Work task: Nothing but the lines below from the first through the one with "Kék-zöld Nagy pillangó" should appear, printed exactly; please leave pictures out.

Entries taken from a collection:
== Segment start ==

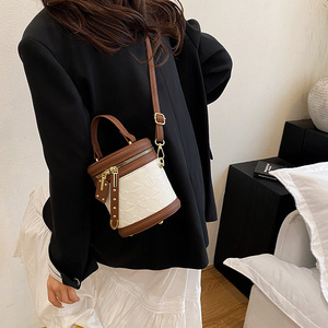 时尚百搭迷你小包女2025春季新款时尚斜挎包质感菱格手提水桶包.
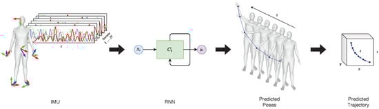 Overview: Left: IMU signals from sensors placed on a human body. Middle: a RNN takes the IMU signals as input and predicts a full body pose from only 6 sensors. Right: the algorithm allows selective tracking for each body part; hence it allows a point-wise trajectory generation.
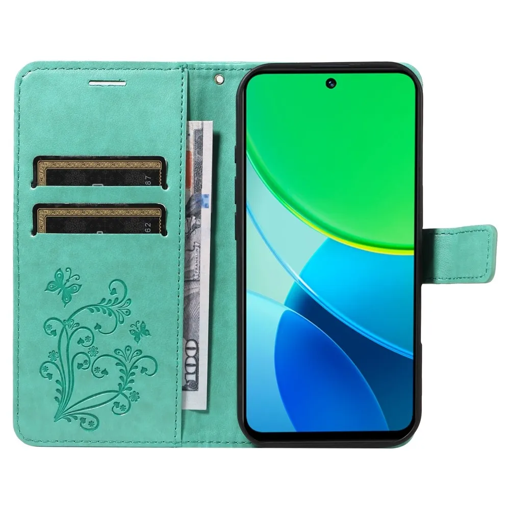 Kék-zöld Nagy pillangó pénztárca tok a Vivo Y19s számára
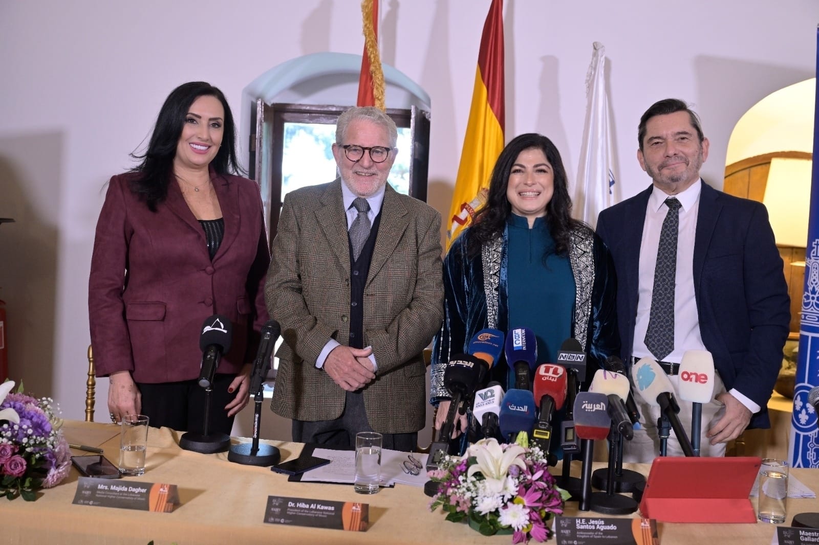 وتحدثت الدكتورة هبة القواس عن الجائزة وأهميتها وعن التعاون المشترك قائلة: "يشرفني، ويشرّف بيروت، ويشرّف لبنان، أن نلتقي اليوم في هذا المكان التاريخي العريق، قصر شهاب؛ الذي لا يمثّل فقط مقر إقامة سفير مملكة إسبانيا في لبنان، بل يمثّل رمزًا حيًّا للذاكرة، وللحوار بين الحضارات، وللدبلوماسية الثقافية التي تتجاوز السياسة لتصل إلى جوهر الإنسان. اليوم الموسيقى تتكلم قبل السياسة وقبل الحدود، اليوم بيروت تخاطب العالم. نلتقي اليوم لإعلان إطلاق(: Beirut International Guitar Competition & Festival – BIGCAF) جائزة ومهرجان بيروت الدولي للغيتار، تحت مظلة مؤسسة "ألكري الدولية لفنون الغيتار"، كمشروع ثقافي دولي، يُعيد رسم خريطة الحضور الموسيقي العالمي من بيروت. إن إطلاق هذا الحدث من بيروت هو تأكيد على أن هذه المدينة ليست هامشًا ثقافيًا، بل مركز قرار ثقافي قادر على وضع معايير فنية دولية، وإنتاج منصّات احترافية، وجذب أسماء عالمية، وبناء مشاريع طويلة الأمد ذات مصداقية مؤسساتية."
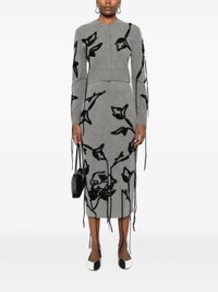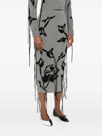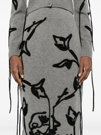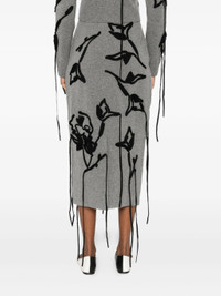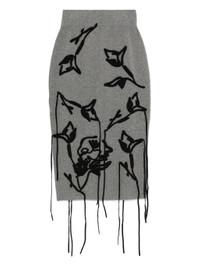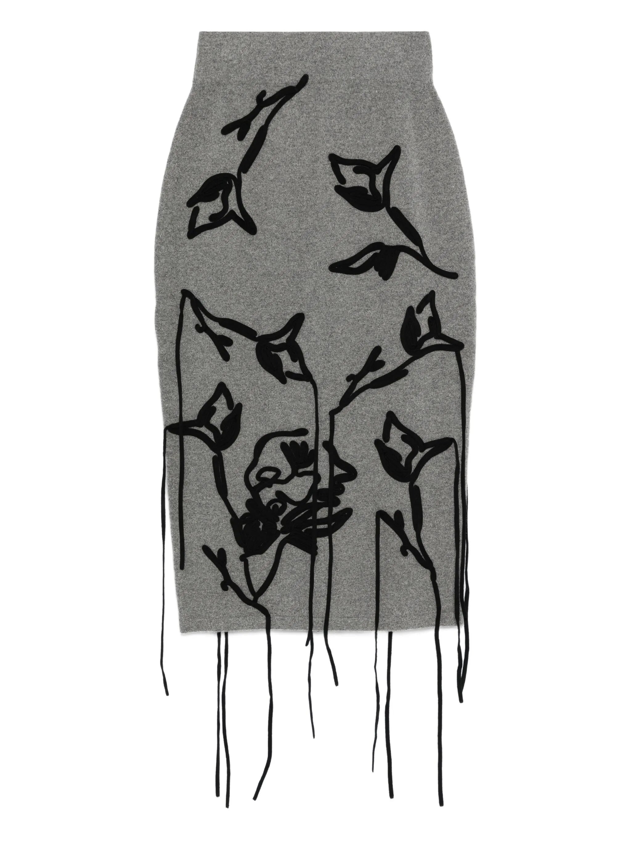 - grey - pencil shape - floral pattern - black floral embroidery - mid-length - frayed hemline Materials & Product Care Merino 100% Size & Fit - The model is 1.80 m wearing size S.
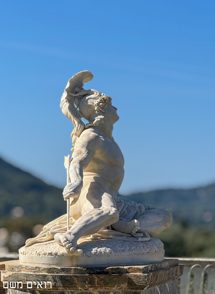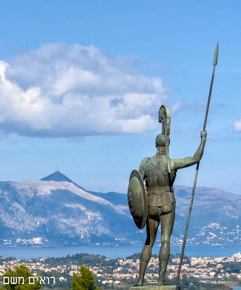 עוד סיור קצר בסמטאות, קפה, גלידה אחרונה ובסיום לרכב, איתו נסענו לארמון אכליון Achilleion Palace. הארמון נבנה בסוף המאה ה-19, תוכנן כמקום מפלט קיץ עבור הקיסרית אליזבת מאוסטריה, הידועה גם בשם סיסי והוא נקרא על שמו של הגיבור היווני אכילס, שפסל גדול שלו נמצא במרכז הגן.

== Segment end ==

Answer space:
 时尚百搭迷你小包女2025春季新款时尚斜挎包质感菱格手提水桶包.
 Overview: Left: IMU signals from sensors placed on a human body. Middle: a RNN takes the IMU signals as input and predicts a full body pose from only 6 sensors. Right: the algorithm allows selective tracking for each body part; hence it allows a point-wise trajectory generation.
 Kék-zöld Nagy pillangó pénztárca tok a Vivo Y19s számára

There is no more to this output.